Problem details
The whole listing, exactly as given: write it out, leaving out each image.

The data

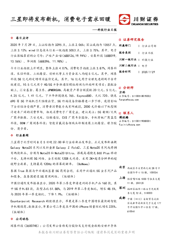 川财证券:科技行业日报:三星即将发布新机,消费电子需求回暖.pdf
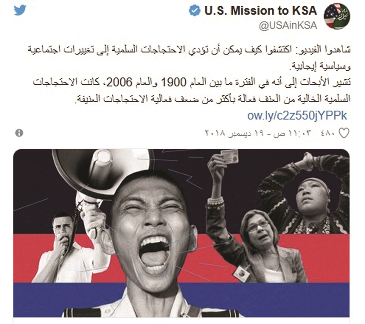 وباللغة العربية والإنجليزية، غرد الحساب الرسمي للسفارة الأمريكية في الرياض والقنصليات في جدة والظهران، عبر «تويتر»: «شاهدوا الفيديو: اكتشفوا كيف يمكن أن تؤدي الاحتجاجات السلمية إلى تغييرات اجتماعية وسياسية إيجابية».
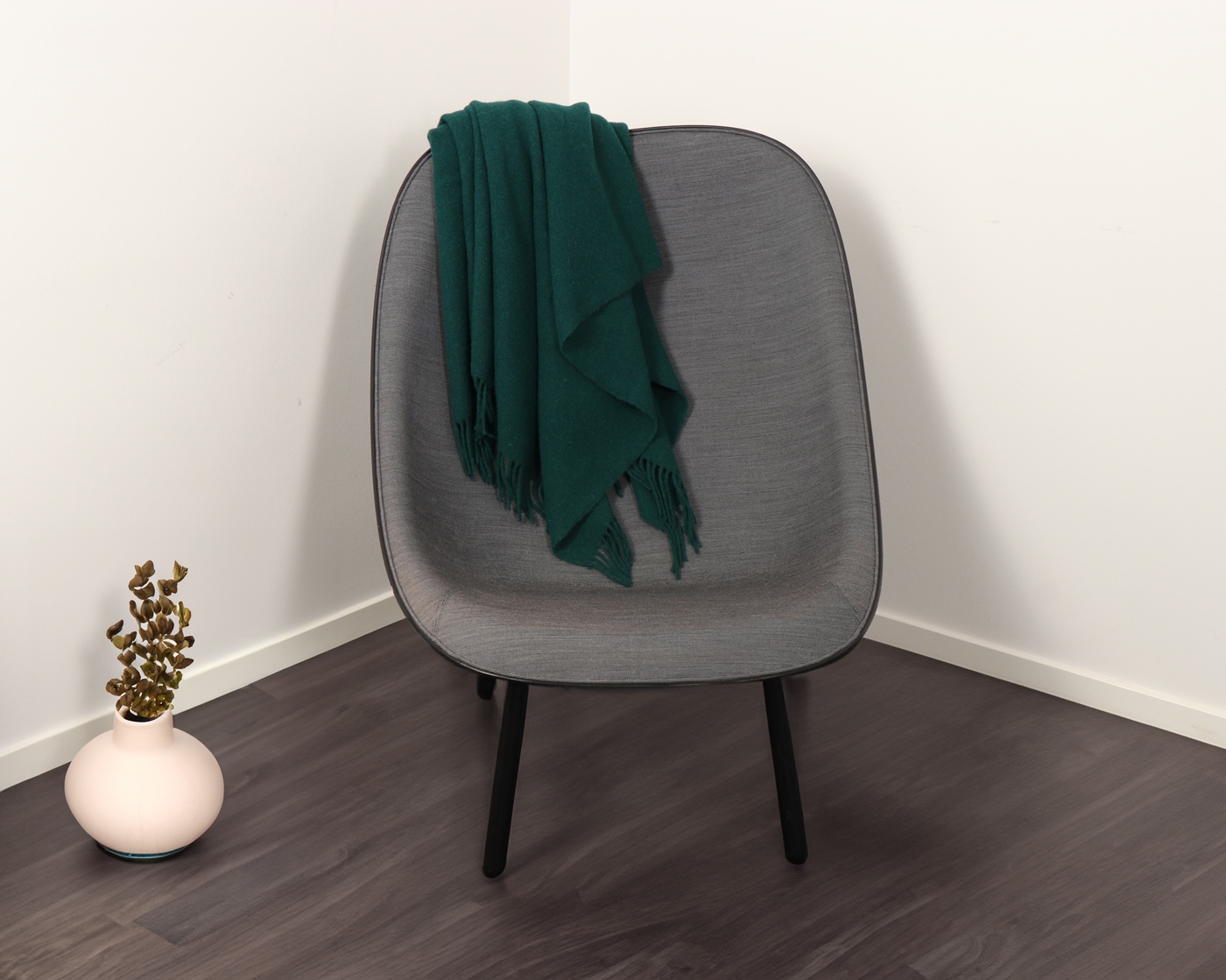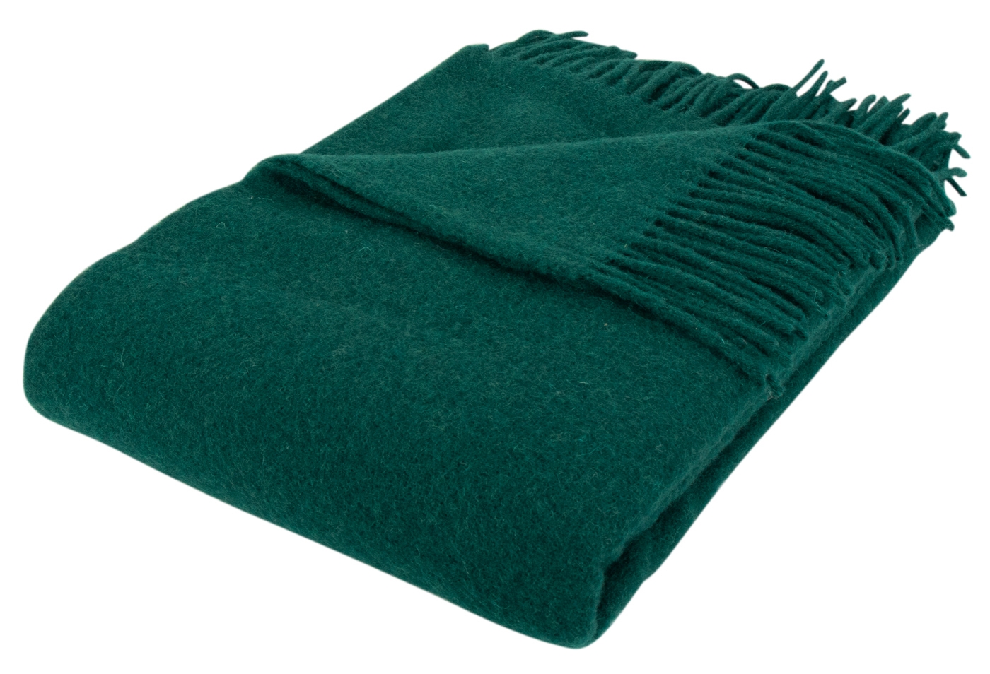 Uldplaid - 100% Ny ren uld  - 130x200 cm - Blødt uldtæppe i ensfarvet mørkegrøn - Nordstrand Home plaid

Task output
 川财证券:科技行业日报:三星即将发布新机,消费电子需求回暖.pdf
 وباللغة العربية والإنجليزية، غرد الحساب الرسمي للسفارة الأمريكية في الرياض والقنصليات في جدة والظهران، عبر «تويتر»: «شاهدوا الفيديو: اكتشفوا كيف يمكن أن تؤدي الاحتجاجات السلمية إلى تغييرات اجتماعية وسياسية إيجابية».
 Uldplaid - 100% Ny ren uld  - 130x200 cm - Blødt uldtæppe i ensfarvet mørkegrøn - Nordstrand Home plaid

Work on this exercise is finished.